Just this spring, a federal judge in Idaho used that reasoning to allow media access both to Idaho’s execution chamber and to the nearby “Medical Team Room,” a place where government workers assigned to the execution monitor the condemned through closed-circuit audio and video.
But, as statutes show, access often stops at things like recording, at the precise label details about lethal injection drugs, and at the identities of the people involved in an execution. A ban on recording preserves “the order, privacy and solemnity of the proceeding,” the Trump Justice Department explained in 2020 when it refused to change the Code of Federal Regulations to allow greater access to executions. Trump Justice Department lawyers also refused to add the specifics of lethal injection to the regulations or to change the language in a way that would release the identities of those with execution roles, lest those people become targets for “harassment and threats.”
Those Trump Justice Department lawyers found and continue to find support for such line-drawing interpretation of the law from courts throughout the United States. Even that federal appeals court in California opposed access to such information in its 2019 decision. “We did not hold that there is a First Amendment right to examine executions in minute detail,” the court wrote in describing its earlier decisions, “such that witnesses could see the drug labels and the nametags of execution team members.”
All that is why journalism’s requests for access to many things surrounding an execution continue in the 28 jurisdictions that have the death penalty.

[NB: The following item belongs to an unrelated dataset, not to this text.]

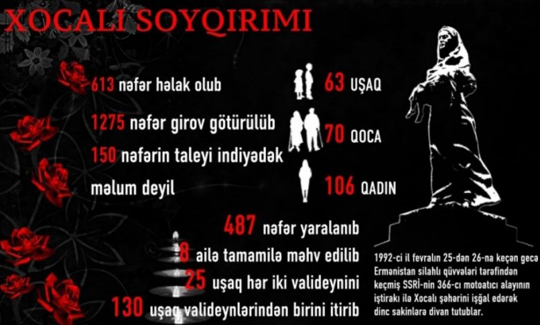 Bu faciə Azərbaycan tarixində Xocalı soyqırımı kimi anılır və hər il ölkə daxilində və xaricdə anım mərasimləri keçirilir.Həmin hücumdan sonra şəhər tamamilə işğal olundu. Evlər yandırıldı, ictimai binalar dağıdıldı, məktəblər, xəstəxanalar və mədəniyyət ocaqları yerlə-yeksan edildi. Bir vaxtlar həyat dolu küçələr səssiz xarabalığa çevrildi. Şəhərin infrastrukturuna ciddi zərər dəydi; elektrik, su və rabitə xətləri sıradan çıxarıldı. Uzun illər ərzində Xocalı viran vəziyyətdə qaldı və oraya qayıdış mümkün olmadı.İşğal dövründə təkcə binalar deyil, həm də mədəni irs nümunələri məhv edildi. Xocalı ərazisi qədim kurqanları və arxeoloji tapıntıları ilə məşhur idi. Bu abidələr regionun minilliklərə söykənən tarixini əks etdirirdi. Lakin nəzarətsiz qalan ərazilərdə talan və dağıntılar baş verdi, bir sıra maddi-mədəniyyət nümunələri məhv edildi və ya qanunsuz şəkildə aparıldı. Bu isə təkcə Azərbaycan üçün deyil, ümumbəşəri irs üçün də itki hesab olunur.Şəhərin sakinləri isə ağır qaçqınlıq və məcburi köçkünlük həyatı yaşamağa məcbur oldular. Onlar ölkənin müxtəlif bölgələrində müvəqqəti məskunlaşaraq illərlə doğma torpaqlarına qayıdacaqları günü gözlədilər. Sosial, psixoloji və iqtisadi çətinliklər onların həyatında dərin iz buraxdı. Xocalıdan didərgin düşən ailələrin bir çoxu yaxınlarını itirmiş, ev-eşiyini, bütün əmlakını geridə qoymuşdu.2020-ci ildə baş vermiş Vətən müharibəsindən sonra regionda yeni siyasi vəziyyət yarandı.

New York State, where Ruth Snyder died in the electric chair in 1928, is not one of those places. New York does not have the death penalty. Here, the perfect right-of-access story would be that the jarring image of Ruth Snyder put a halt to New York’s use of the electric chair. Instead, it took the state until 1963 to stop its executions and until 2004 to officially abolish the death penalty.
Still, even today, there’s a power to that photograph and that coverage of Ruth Snyder’s execution, and it’s hard to believe that what the Daily News called its “vividness of reporting” didn’t help sway public opinion. Put another way, a journalist’s perspective offers a glimpse at what an execution really means in a way that 18 United States Code Section 3596—“Implementation of a sentence of death”—simply can’t. “Her helmeted head is stiffened in death,” the Daily News wrote about Ruth Snyder’s execution, “an electrode strapped to her bare right leg.”
And there it is, just below the hem of her fashionable dress.